**Data excerpts**:
-*-*-

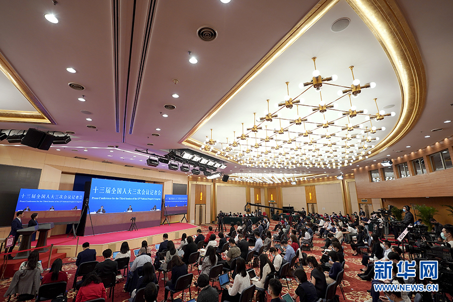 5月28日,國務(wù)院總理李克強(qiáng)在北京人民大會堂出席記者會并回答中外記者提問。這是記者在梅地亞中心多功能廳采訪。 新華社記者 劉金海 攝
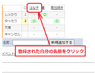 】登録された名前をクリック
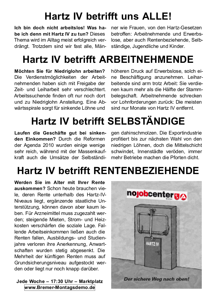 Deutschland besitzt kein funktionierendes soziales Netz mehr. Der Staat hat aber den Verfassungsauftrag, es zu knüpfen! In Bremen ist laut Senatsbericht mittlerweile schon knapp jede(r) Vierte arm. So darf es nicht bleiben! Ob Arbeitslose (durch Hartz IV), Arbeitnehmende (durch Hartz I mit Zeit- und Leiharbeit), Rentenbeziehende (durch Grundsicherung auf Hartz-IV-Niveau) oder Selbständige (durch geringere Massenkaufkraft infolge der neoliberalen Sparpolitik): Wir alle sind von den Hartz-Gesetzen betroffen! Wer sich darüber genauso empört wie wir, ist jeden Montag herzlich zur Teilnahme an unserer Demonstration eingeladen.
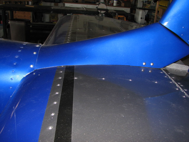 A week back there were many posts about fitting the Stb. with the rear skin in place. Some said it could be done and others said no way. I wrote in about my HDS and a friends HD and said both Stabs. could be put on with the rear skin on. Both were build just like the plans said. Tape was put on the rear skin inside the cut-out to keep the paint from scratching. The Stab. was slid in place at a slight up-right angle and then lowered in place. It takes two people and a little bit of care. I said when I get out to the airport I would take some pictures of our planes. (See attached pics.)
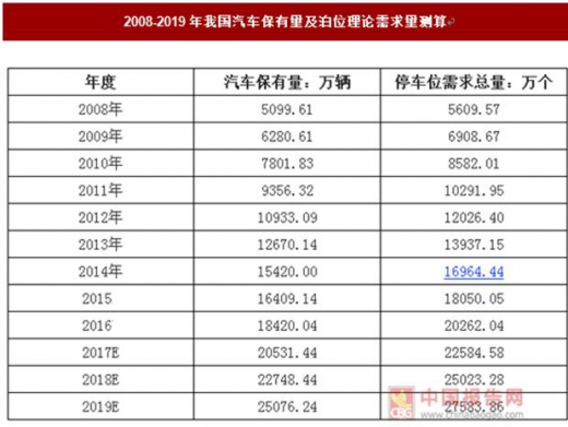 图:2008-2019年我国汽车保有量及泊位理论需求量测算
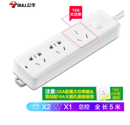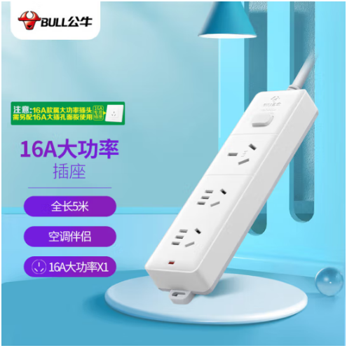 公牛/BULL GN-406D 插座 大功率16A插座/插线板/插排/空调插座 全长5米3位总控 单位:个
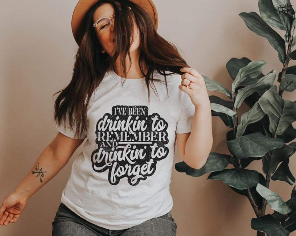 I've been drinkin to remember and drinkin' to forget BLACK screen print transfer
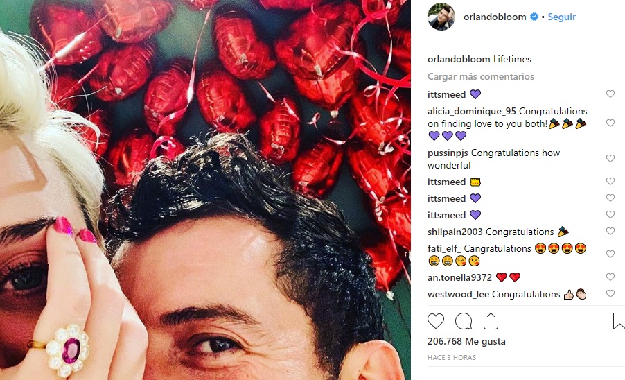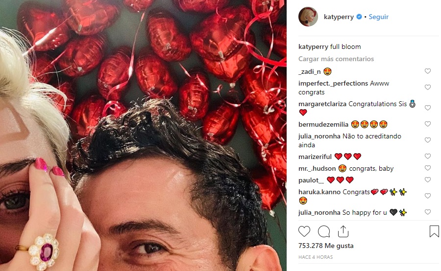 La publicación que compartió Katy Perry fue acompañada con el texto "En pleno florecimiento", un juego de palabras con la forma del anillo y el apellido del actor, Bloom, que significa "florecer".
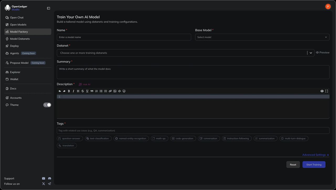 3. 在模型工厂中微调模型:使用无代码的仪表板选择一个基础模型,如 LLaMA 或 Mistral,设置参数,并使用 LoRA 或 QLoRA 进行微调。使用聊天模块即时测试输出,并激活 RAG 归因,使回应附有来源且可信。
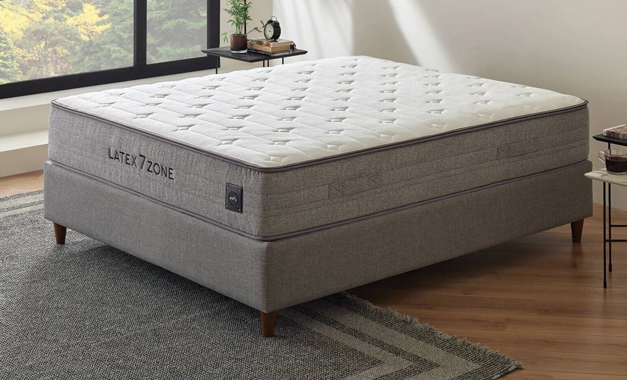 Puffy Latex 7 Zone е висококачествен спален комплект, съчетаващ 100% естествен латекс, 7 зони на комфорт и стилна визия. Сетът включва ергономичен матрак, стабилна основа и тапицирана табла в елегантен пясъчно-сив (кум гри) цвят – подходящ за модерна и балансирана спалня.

-*-*-

Return all records exactly; no pictures.

 5月28日,國務(wù)院總理李克強(qiáng)在北京人民大會堂出席記者會并回答中外記者提問。這是記者在梅地亞中心多功能廳采訪。 新華社記者 劉金海 攝
 】登録された名前をクリック
 Deutschland besitzt kein funktionierendes soziales Netz mehr. Der Staat hat aber den Verfassungsauftrag, es zu knüpfen! In Bremen ist laut Senatsbericht mittlerweile schon knapp jede(r) Vierte arm. So darf es nicht bleiben! Ob Arbeitslose (durch Hartz IV), Arbeitnehmende (durch Hartz I mit Zeit- und Leiharbeit), Rentenbeziehende (durch Grundsicherung auf Hartz-IV-Niveau) oder Selbständige (durch geringere Massenkaufkraft infolge der neoliberalen Sparpolitik): Wir alle sind von den Hartz-Gesetzen betroffen! Wer sich darüber genauso empört wie wir, ist jeden Montag herzlich zur Teilnahme an unserer Demonstration eingeladen.
 A week back there were many posts about fitting the Stb. with the rear skin in place. Some said it could be done and others said no way. I wrote in about my HDS and a friends HD and said both Stabs. could be put on with the rear skin on. Both were build just like the plans said. Tape was put on the rear skin inside the cut-out to keep the paint from scratching. The Stab. was slid in place at a slight up-right angle and then lowered in place. It takes two people and a little bit of care. I said when I get out to the airport I would take some pictures of our planes. (See attached pics.)
 图:2008-2019年我国汽车保有量及泊位理论需求量测算
 公牛/BULL GN-406D 插座 大功率16A插座/插线板/插排/空调插座 全长5米3位总控 单位:个
 I've been drinkin to remember and drinkin' to forget BLACK screen print transfer
 La publicación que compartió Katy Perry fue acompañada con el texto "En pleno florecimiento", un juego de palabras con la forma del anillo y el apellido del actor, Bloom, que significa "florecer".
 3. 在模型工厂中微调模型:使用无代码的仪表板选择一个基础模型,如 LLaMA 或 Mistral,设置参数,并使用 LoRA 或 QLoRA 进行微调。使用聊天模块即时测试输出,并激活 RAG 归因,使回应附有来源且可信。
 Puffy Latex 7 Zone е висококачествен спален комплект, съчетаващ 100% естествен латекс, 7 зони на комфорт и стилна визия. Сетът включва ергономичен матрак, стабилна основа и тапицирана табла в елегантен пясъчно-сив (кум гри) цвят – подходящ за модерна и балансирана спалня.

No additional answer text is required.